数年前、仕事の合間にふと入ったラーメン屋。偶然、店長と厨房スタッフが高校時代の友人だった。「お、コウ久しぶり!元気?食べていってくれ!」と喜んでくれた。

高校時代はよく一緒に遊んでいたが、卒業後はうっすらSNSで繋がっていた程度。mixi時代は結構交流していたと思うが、社会人になるタイミングでFacebookのフレンドになったと思うが、お互いほとんど更新していなかったため近況は分からなかった。

ラーメン屋で偶然再開して私もすごく嬉しかった。
店長は外回りの仕事があったようで、私が注文した直後にお店を出る。「ゆっくりして行ってな!」と魔理沙っぽいセリフを残して…。

15時前という中途半端な時間だったため、他に客はおらず、厨房の友人と私と二人で懐かしい話に花を咲かせる。

話ながらも手際よく中華鍋を振って、注文していたラーメンセットが到着する。

「セットの白米、チャーハンにしておいたぜ」
気の利いたサービスをしてくれる。
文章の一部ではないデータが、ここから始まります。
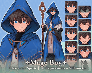 A full-body sprite of a brown-haired mage boy in a blue cloak. Includes 10 expressions and 1 silhouette.
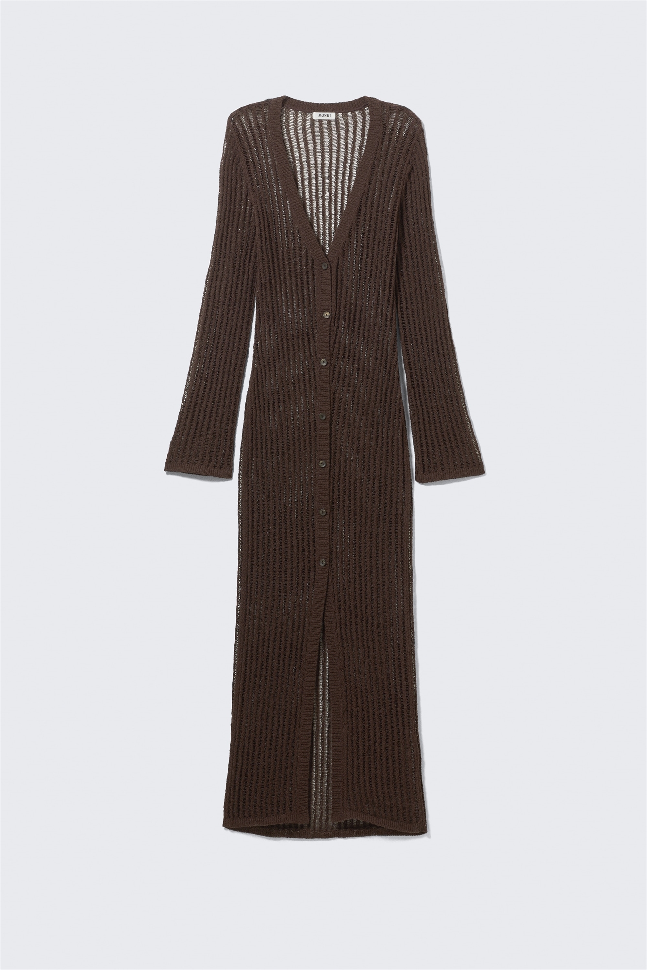 Длинный трикотажный кардиган с воздушной ажурной фактурой, с глубоким V-образным вырезом и застежкой на пуговицы спереди. Длинные рукава и ребристая отделка. Обычный крой. Длина макси. Глубокий V-образный вырез. Застежка на пуговицы спереди. Фактура ажурной вязки. Ребристые манжеты и подол.

そしてラーメンもチャーハンも美味い。

友人だから、サービスしてくれたから、関係なく心の底から喜べる味だった。

そして会計の時に驚きのセリフが飛び出す。

「さっき、チャーハンに変更したの、店長には内緒でお願いな」

おい!店長も、私も友人である。サービスしてもらう立場の私が主張する意見ではないとは思うが、「こいつは友人のラーメンセットの白米をチャーハンにする権限もないのか!」とちょっと笑ってしまった。

というのも、この厨房の友人は高校時代から子分体質で、色んな親分肌の同級生に可愛がられて重宝されていたのだ。「高校卒業して10年以上経っているけど、まだこの関係性で仕事しているのか…」と愛おしさが込み上げてきた。

お店の味は確かだったが、お店はほどなくてクローズしてしまう。
コロナ禍などもあり、飲食店は結構大変だったと思う。

そしてしばらくすると、違う同級生がオーナーとなって中華料理屋がオープンする。
ラーメン屋で厨房をやっていた友人は、ここの中華料理屋も任される。
やっぱりみんなから愛されていて、料理の腕も確かだからすぐに呼ばれる。
高校時代から、みんなの溜まり場にはいつもいたと思う。

新しくオープンした中華料理店は人気店で、評判がすごくいい。
お昼時は常に行列ができるレベルで、てんやわんやしているらしい。

先日、仕事が終わって夜遅くからラーメンを食べに行った。
お客さんの波も落ち着いていたようで、落ち着いて食べることができた。

その時である。

「これ、チャーハンサービスしておくよ」

と、注文していないチャーハンを出してくれた。

相変わらず美味しかった。

会計時、お店を出る時も、「(同級生の)オーナーに内緒でね」などとは言われなかった。
こそこそせず、彼は彼の権限で私に半チャーハンをサービスしてくれた。

「ちゃんと出世しているな…」と謎の感動を覚え、私はお腹も心も満腹で夜の国道330号線を走り抜けた。